* **Given data**:
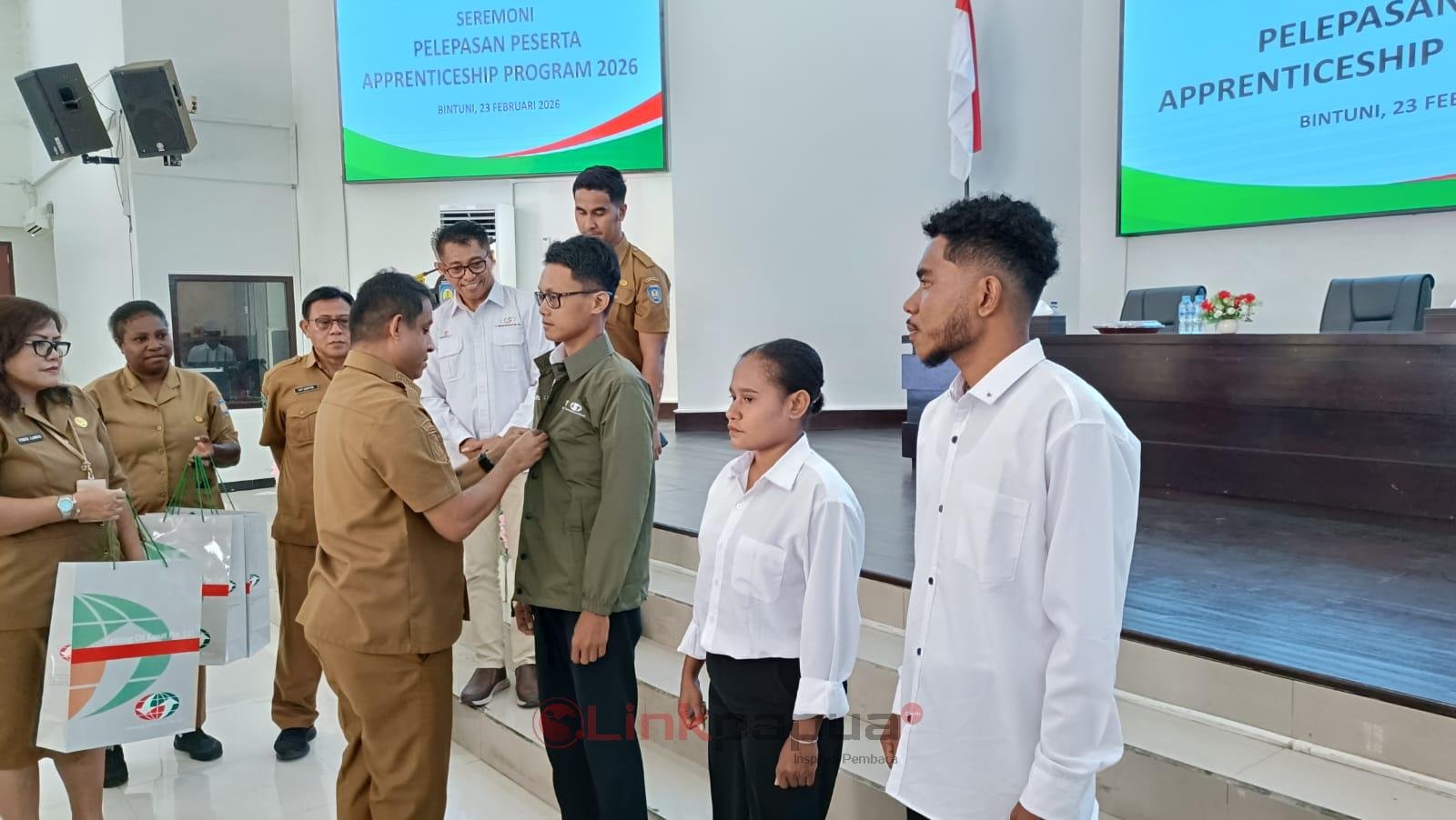 TELUK BINTUNI, LinkPapua.id – Bupati Teluk Bintuni Yohanis Manibuy melepas 15 putra-putri asli daerah untuk mengikuti apprenticeship program tahun 2026. Belasan peserta tersebut dikirim untuk menjalani pendidikan khusus di Pusat Pengembangan Sumber Daya Manusia Minyak dan Gas (PPSDM Migas) Cepu, Jawa Tengah.
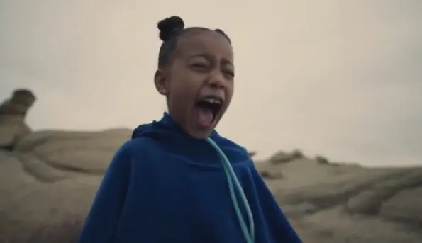 Closing out the music video, North, gets her close-up moment wearing a blue hoodie, screaming “Chick-fil-A” at the top of her lungs.
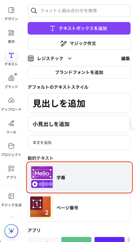 テキストパネルから「字幕」をクリックします。

* **What the task asks**:
Copy nothing but the lines above from the one with "Closing out the" through the end of the material, word for word, and drop the pictures.

* **Problem solution**:
 Closing out the music video, North, gets her close-up moment wearing a blue hoodie, screaming “Chick-fil-A” at the top of her lungs.
 テキストパネルから「字幕」をクリックします。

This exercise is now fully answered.